Steve mentioned that that was [00:13:30] a really big change for his lifestyle, was that he’d come home and go to training. Come home and have something conducive to eat and go to training. And for him it was the vitality. And that’s what you say, most people think it’s weight loss. That’s the reason you get started. But when you start your group, you start to overcome some of those slumps in your day and things like that. Steve owns his own business. So being a business owner like that, where you got to be productive all day, [00:14:00] you can’t just compete for a couple of hours, I think-
Soonah:
Yeah. And that’s focus. When we get busy, our activity statements is just, bit of a crazy time here for us and it’s generally longer hours. But I know if I exercise and my food’s right, I’m just so much more focused. I pumped through the work. I might do less hours in a day, but I get through so much more. So, it’s just finding that time. And everyone’s different. I mean, for me, it’s in the morning. If I get up, exercise in the morning, I just have a ripping day. If I don’t, I feel lethargic. [00:14:30] You just… It’s a rolling pattern of, I don’t know. It just builds up that it wasn’t the best start to the day. And then the food choices go down. It just…

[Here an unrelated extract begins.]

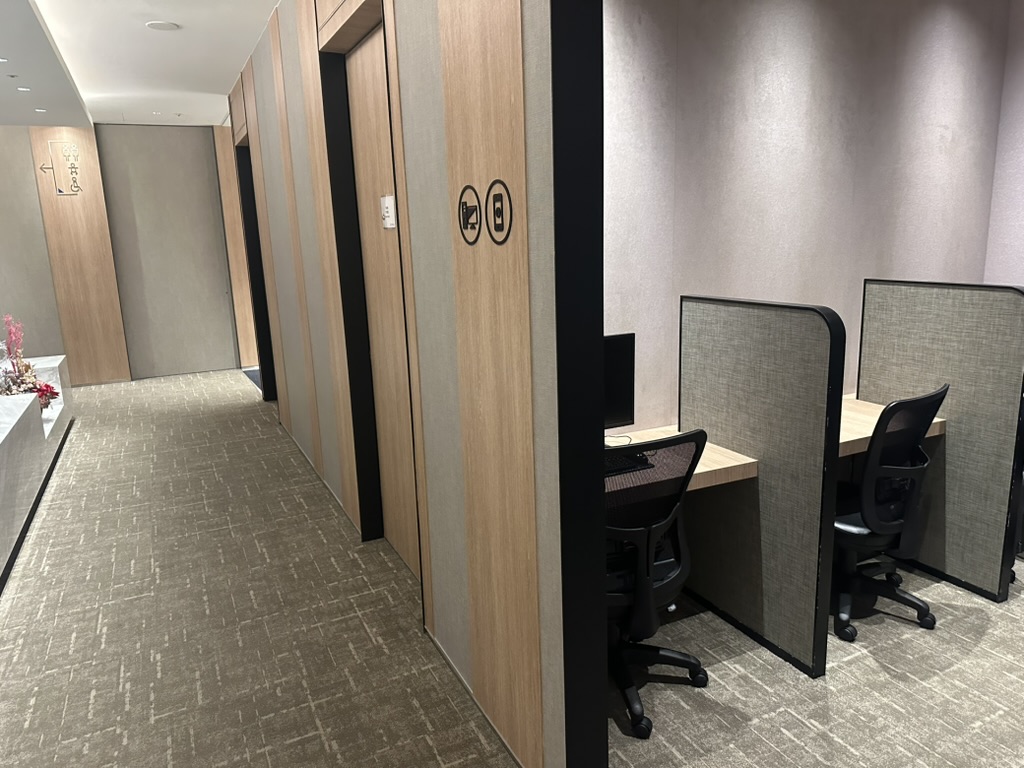 Wer sich abschotten und arbeiten möchte, kann das Business Center nutzen. Es gibt eigene Toiletten, aber keine Duschen.

My husband will tell you, he will say to me, “You need to go for a run”. And that’s obviously I’m getting cranky. I need to go and clear my mind and come back and I’m such a better person. So I think, that’s what you get from initially joining and thinking it’s fat loss, but it really turns into so much more.
Ben:
[00:15:00] You’re right. And that’s exercise. You know I said before [inaudible 00:15:02]. You run a business, you’ve got three boys. I train so many people like you who don’t have any time where they can just tap out and they can… If you won’t be able to have a run, just that 30 minute period a day where you don’t even have to think about business and keep your family.Soonah:
Yeah.
Ben:
Most of the people… A lot of the people we help are moms who are just so fed up with having no time for themselves, they need to detach from the family and hubby’s [00:15:30] got take the kids while they come and they connect. And again, for those people it’s fitness, but I’ve watched them and it becomes about connection. They form friendships around training and that’s what becomes important to them rather than just-
Soonah:
Yeah. And you walk back in the door and you’re ready to be embraced by them. It’s just… I know I’m a better person and I’m a better mother when I take care of that, I think. And also food. I want to come back to food. Because I know your Team Week programs. I think with the amount of knowledge that you share around food, [00:16:00] what are some quick tips for people to help use food as a way to feel good or to help your body feel better, I guess?
Ben:
Yeah. I reckon the best thing… Probably two things. I touched on it before. Structure is, I think really important. Particularly if you’re working in an office or anywhere where you’re busy, I think having structure to your eating and having, if you can do it, [00:16:30] enable yourself that frequency of meals. Have things set up when you start your day so that you’re not… You don’t have to leave or go too far to get a meal.
Soonah:
You don’t have to think about that.
Ben:
You don’t have to think about it. That’s really critical. I reckon proximity to food, like training is key. The other one I reckon, is probably the biggest thing that we see. Most people don’t tolerate carbohydrates the way that they think they do. And we know that. We know that most people know that they… We hear [00:17:00] people say I’m cutting out carbs and it’s great. It’s having an understanding of carbohydrates and where they belong in your diet. Because they totally belong in your diet. You just need to make sure you’re enhancing or increasing the volume of the good ones you eat and restructuring the bad ones.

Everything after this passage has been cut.